Наконец он подошел; Бартош ждал, что Мария уедет, — и удивился: она его пропустила. Вдруг взглянула на спутника снизу вверх, с какой-то тихой мольбой — может, просила прощения серыми глазами. Бартош не понимал, что с ней. Скрипнули тормоза следующего трамвая, Мария схватилась за металлический поручень,
— Так едете или нет?! — нетерпеливо спросил кондуктор.
Нет! Кондуктор дернул звонок — и опять они оказались рядом, ошеломленные и безмолвные. Мария несогласно качала головой, но он слышал ее учащенное дыхание.
И тут произошло невероятное. Бартош ощутил в своей руке ее озябшую ладонь. Поднял голову. Мария перевела его с опустевшей остановки на противоположную сторону улицы, они обогнали нескольких прохожих под раскрытыми зонтиками и молча зашагали вдоль набережной. Дождь прекратился, свежий ветер приятно холодил лицо, вечернее солнышко выглянуло из облаков. Мария остановилась. Бартош недоумевал. Мокрые перила над рекой, деревья роняют капли прямо им на голову… От фонарей на высоких столбах протянулись, легли на речную рябь светящие полосы, похожие на дрожащие пальцы. Какие глаза у Марии!
Она прерывисто дышала — и вдруг крепко обняла его с отчаянной, печальной отвагой, прижалась губами к его холодным тонким губам.
— Но я все равно люблю тебя… — услышал он словно во сне.

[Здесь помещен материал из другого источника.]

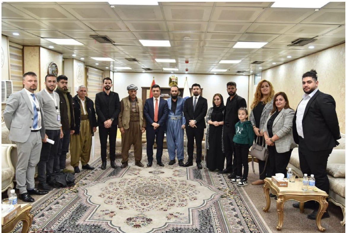
ECBBC delegation meets with Iraqi Minister of Justice in Baghdad on 28 November 2022.

In light of these preoccupying trends, the ECBB campaign is committed to continuing to monitor the military activities of the Iranian forces within Iraqi Kurdistan's territory and borders.

Это головокружительное мгновение под раскидистой кроной дерева, ронявшего дождевые капли… Бартош вызвал его в памяти — и вернулся к тетради: с тихим восторгом доведет он до конца последнюю запись, и нечего колебаться.
«Это — она, я знаю! Станет ли моей женой? Не знаю, и все же я не могу жить без этого чувства, проснувшегося во мне. Оно — драгоценность. Сила. И — путь к людям. Борьба, весна — все как-то связано между собой. Вчера в райкоме было совещание насчет первомайской демонстрации. Как всегда, все свалили на меня! Ничего, мол, Бартош — тот потянет. «Демонстрация должна получиться торжественной, товарищи! Предлагаю так и решить». Надо было потребовать, чтобы это занесли в протокол. Сколько уж было демонстраций под полицейскими дубинками! А нынче… Шагая с товарищами, буду думать о ней. Ну и, конечно, о порядке — чтоб по восемь человек в ряду. Лишь бы погода не подкачала. А потом пойду к ней, заставлю поверить в нашу правду, это — главное условие для всего дальнейшего. Сегодня Мария еще далека от нашей правды, осуждает ее. Я обязан распрямить ее, терпеливо, постоянно, не упуская того драгоценного, прекрасного и сложного в ней, что до сих пор ускользало от меня, когда я в одинокие свои вечера исписывал тетради глупыми суждениями о людях и жил вполсилы. Словно ощупывал людей вскользь, холодными и любопытствующими пальцами, и слова, с которыми я к ним обращался, были мертвы. Поучения! Все это чувствовали, даже я сам! Быть может, слова мои были справедливы, но в них не было огня, который воспламенил бы сердца. По-моему, я начинаю понимать! По крайней мере, знаю теперь, каким путем должен идти. Сумею ли? Но это необходимо! Сколько раз, получая партийное задание, твердил я про себя это словечко: «должен». Любовь? Удивительное слово, пожалуй, я даже боюсь написать его, хотя знаю: дело тут в большем. Позже, быть может, я сожгу тетрадки, куда педантично заносил свои наблюдения с высокой башни одиночества. Любить — только тогда научишься понимать человека. И, кажется мне, в конце концов, это — политическая задача: открыть в себе источник живой воды и принести ее людям. Кому? Да тем, кто не понимает! Тут я имею в виду и Бриха. Что с ним? Оба мы чувствуем напряженность, возникшую между нами: я знаю о нем совсем мало, и все же вижу: он переживает что-то тяжелое, ему трудно. Как проникнуть ему в душу? Вот я написал: «политическая задача». Так или иначе — поразительно прекрасна сложная человеческая жизнь. Слава тебе, время, в котором живет такой незаметный человек по имени Бедржих Бартош, хвала тебе, прекрасная весна человечества! Глупец и бедняк, кто этого не видит!»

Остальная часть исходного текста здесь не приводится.